Dataset records:
↓

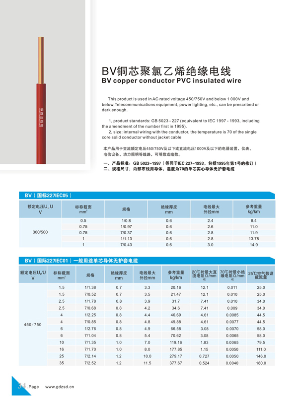 BV铜芯聚氯乙烯绝缘电线
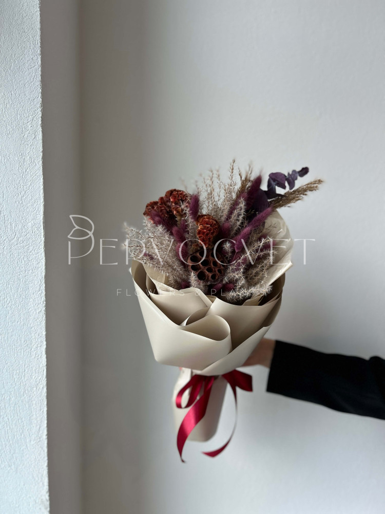 - Солнечный свет. Разместите букет (композицию) в месте без воздействия прямых солнечных лучей, палящий (яркий) солнечный свет может изменить окраску сухоцветов.
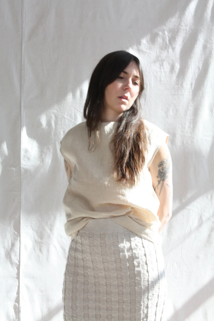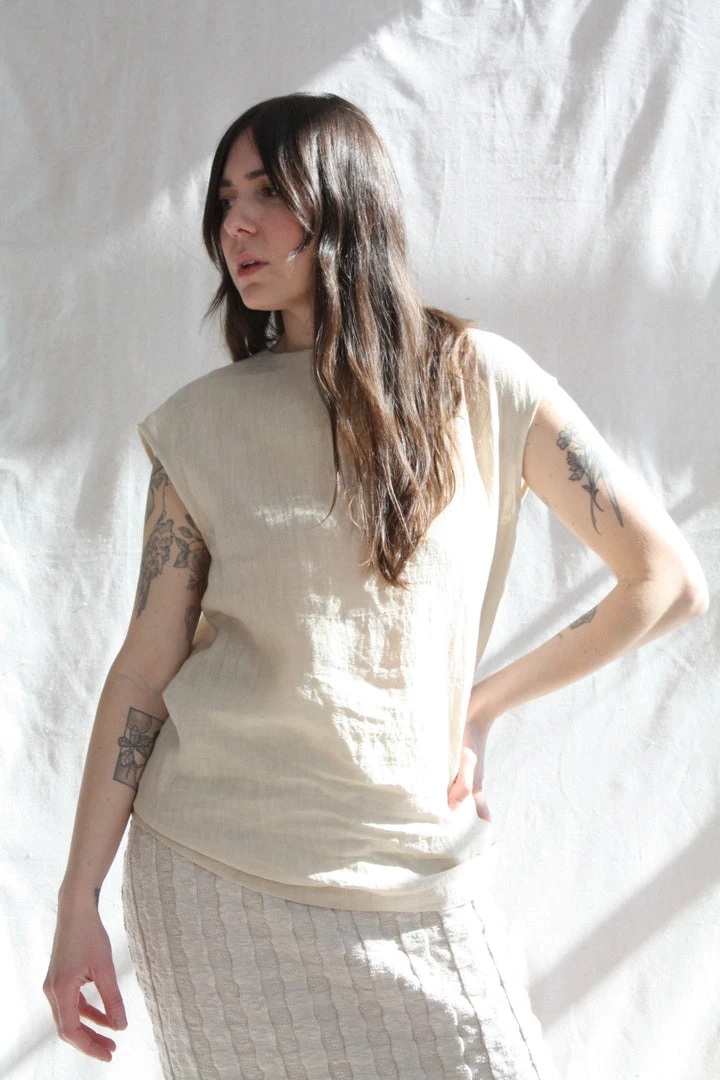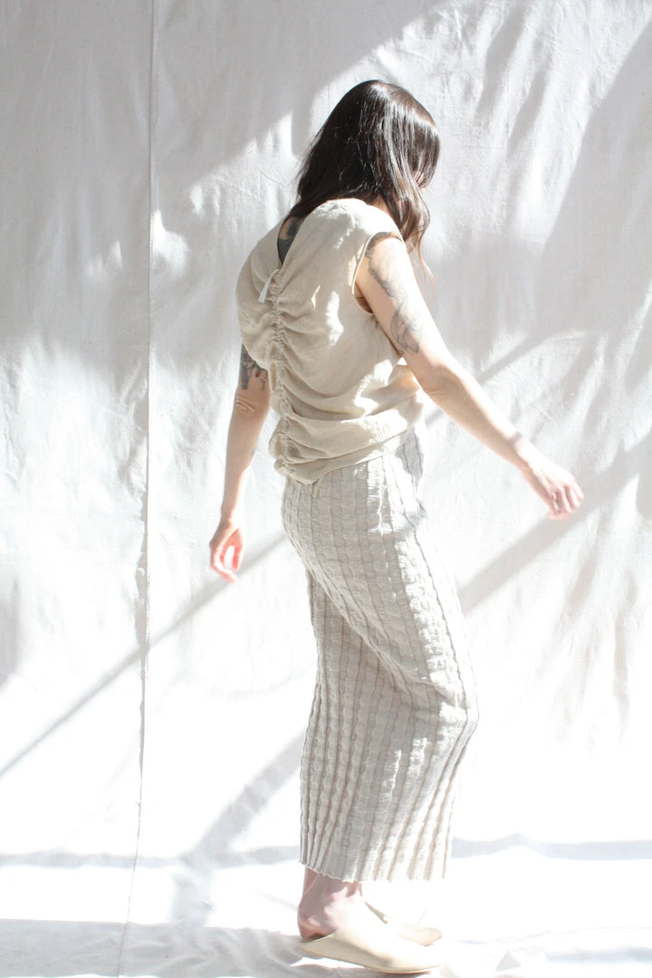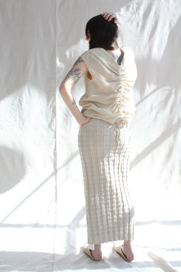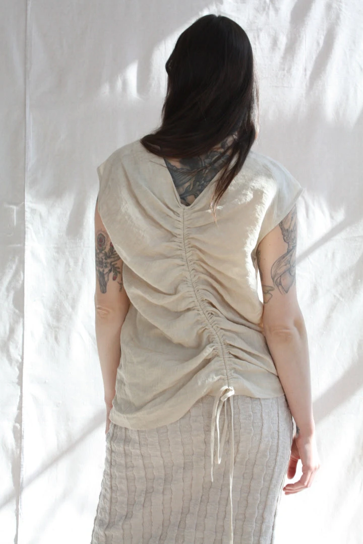 Lightweight linen shell with subtle irregular dye effect. Can be worn both ways with ruche in front or back. Adjustable drawstring for customizable fit.Â
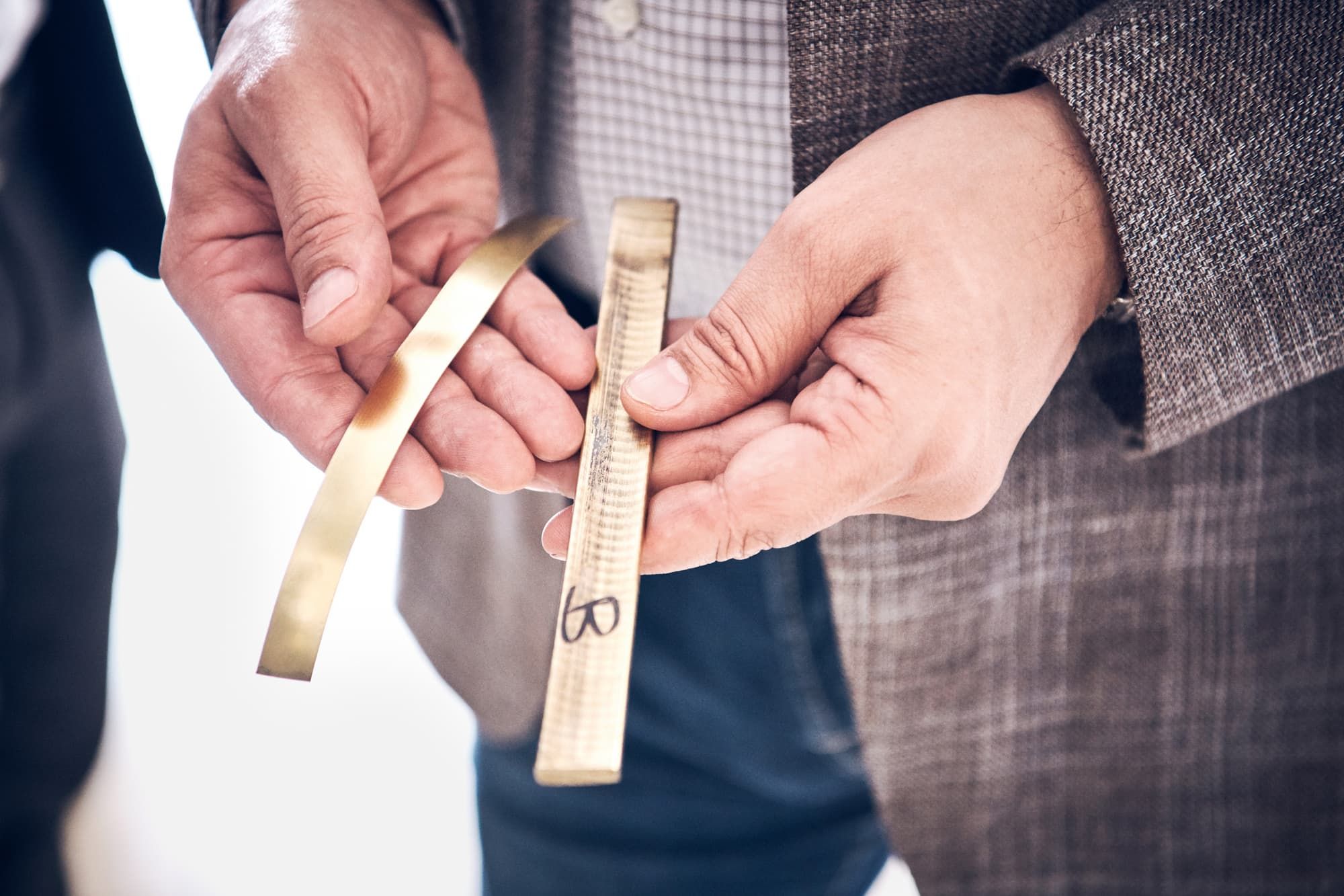 „Jede einzelne Komponente, selbst die winzigen Federn, besteht aus 18-karätigem Gold“, erklärt Giuseppe Marcheluzzo. „Flex’it kommt komplett ohne Schweißnähte aus: Die einzelnen Teile werden ausschließlich mechanisch zusammengesetzt.“ Diese patentierte Technik sorgt dafür, dass die Armbänder und Ringe schön flexibel sind und sich ohne Verschluss einfach über das Handgelenk bzw. den Finger rollen lassen. An der ersten Station unserer Führung werden wir dank eines Mitarbeiters zum ersten Mal ins Staunen versetzt. Greift er doch einfach hinter sich, zaubert ein zusammengelegtes meterlanges Goldband hervor und legt es uns in die Hände: die Basis der Flex’it-Kollektion, aus purem 18-karätigen Gold gefertigt und trotzdem unerwartet schwer.
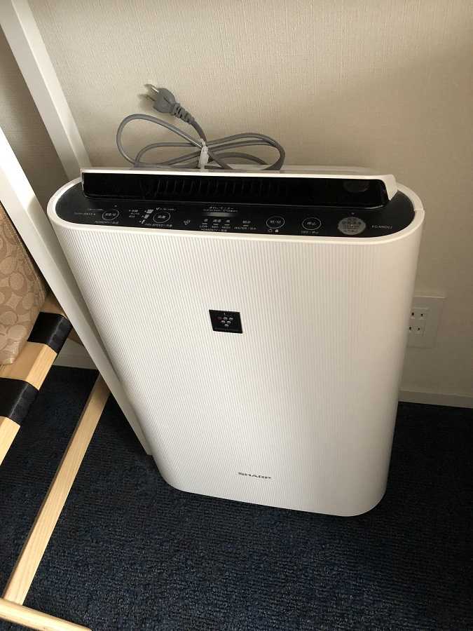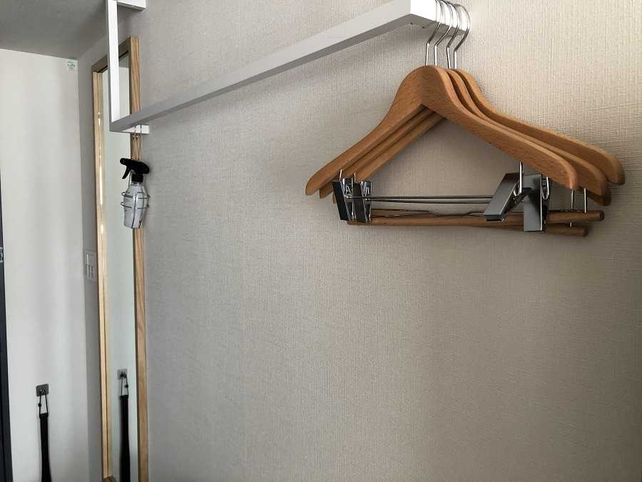 壁に取り付けられたハンガーかけ。狭い部屋ならではの工夫?これ、いいかも。
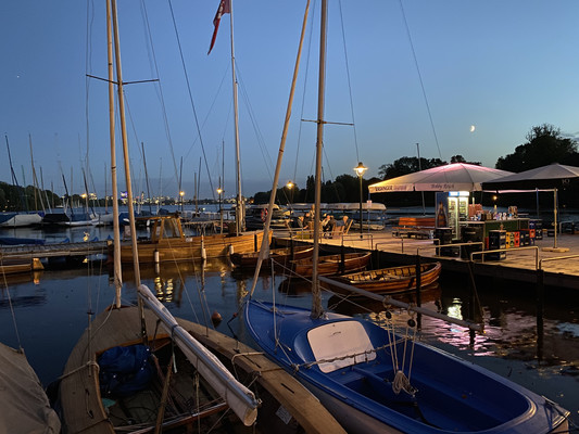 Über 20 Mitglieder haben am Montag den Weg zu Bobby Reich gefunden. Bobby Reich wird als Perle der Alster bezeichnet. Das mag im Sommer auf der großen Terrasse und im Barbereich stimmen, leider hat der Clubraum das Ambiente und die Akustik einer Kegelstube.
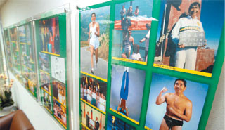 如果來(lái)到蔡同榮研究室,一定不會(huì)搞混,因?yàn)橐淮蜷_房間門,就是蔡同榮兩大巨幅人頭照,再往前望去,一整排的個(gè)人記錄照片更是精采,不但有他與夫人結(jié)婚的照片、女兒結(jié)婚時(shí)與父親共舞的照片、最經(jīng)典的當(dāng)然就是蔡同榮最引以為傲的裸上半身之胸肌玉照,張張精采,簡(jiǎn)直就是用照片寫出一部自傳。
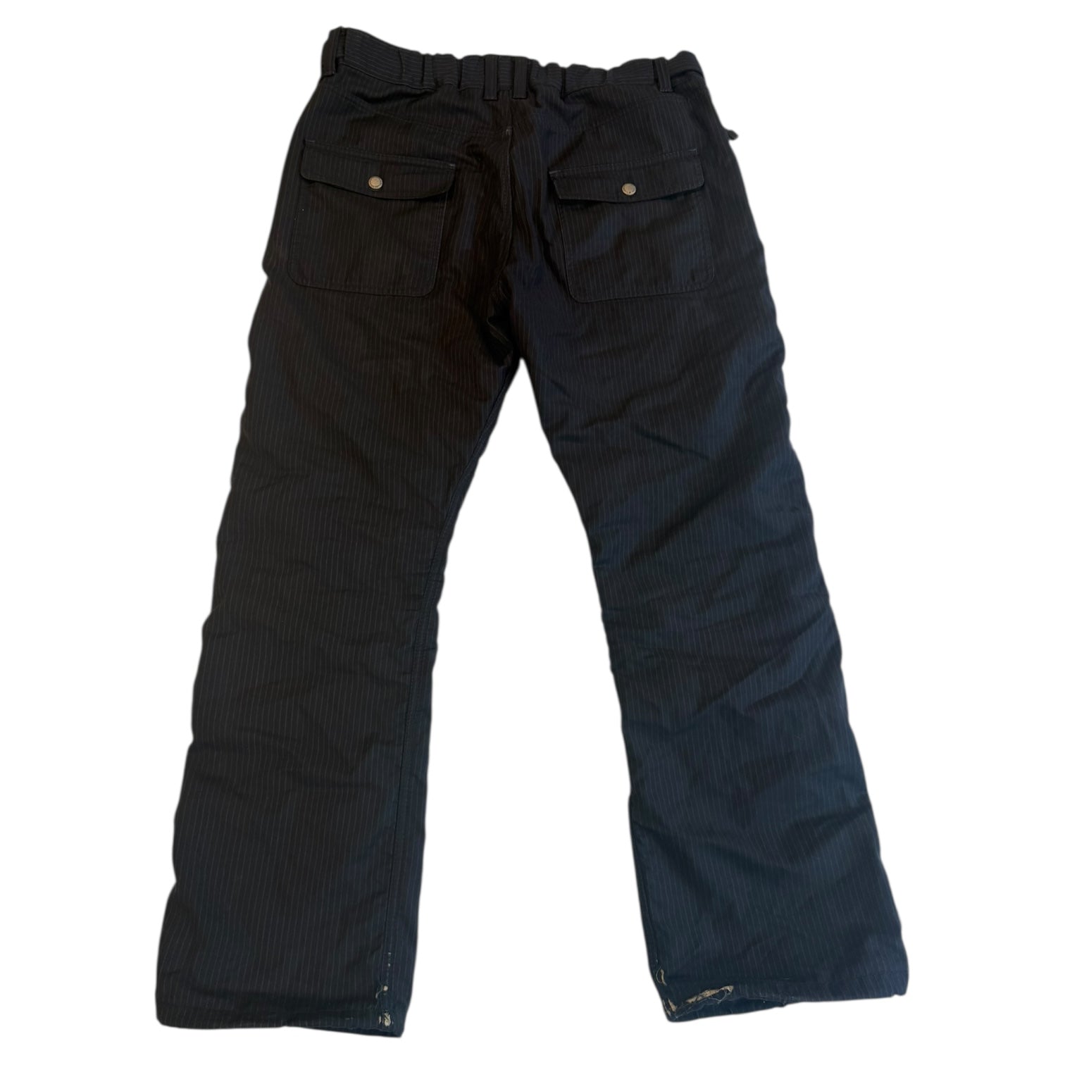 Junya Watanabe Autumn 2005 Black Pinstriped Goretex Pants, tagged size M. Adjustable elastic waist measures 35 unstretched, 32 with Velcro adjusters, 11.5 front rise 14.5 back rise 30 inseam 9 leg opening. Waterproof zippered front pockets, adjustable waist, length, and cuffs with snap closed back pockets in a reinforced double layer Goretex fabric. Wear to top layer visible near back hems and left leg adjuster, otherwise good condition.

↑

▶ **EXERCISE**
Write out exactly the lines above between the one with "Über 20 Mitglieder" and the one with "如果來(lái)到蔡同榮研究", inclusive, with pictures left out.

▶ **TASK RESPONSE**
 Über 20 Mitglieder haben am Montag den Weg zu Bobby Reich gefunden. Bobby Reich wird als Perle der Alster bezeichnet. Das mag im Sommer auf der großen Terrasse und im Barbereich stimmen, leider hat der Clubraum das Ambiente und die Akustik einer Kegelstube.
 如果來(lái)到蔡同榮研究室,一定不會(huì)搞混,因?yàn)橐淮蜷_房間門,就是蔡同榮兩大巨幅人頭照,再往前望去,一整排的個(gè)人記錄照片更是精采,不但有他與夫人結(jié)婚的照片、女兒結(jié)婚時(shí)與父親共舞的照片、最經(jīng)典的當(dāng)然就是蔡同榮最引以為傲的裸上半身之胸肌玉照,張張精采,簡(jiǎn)直就是用照片寫出一部自傳。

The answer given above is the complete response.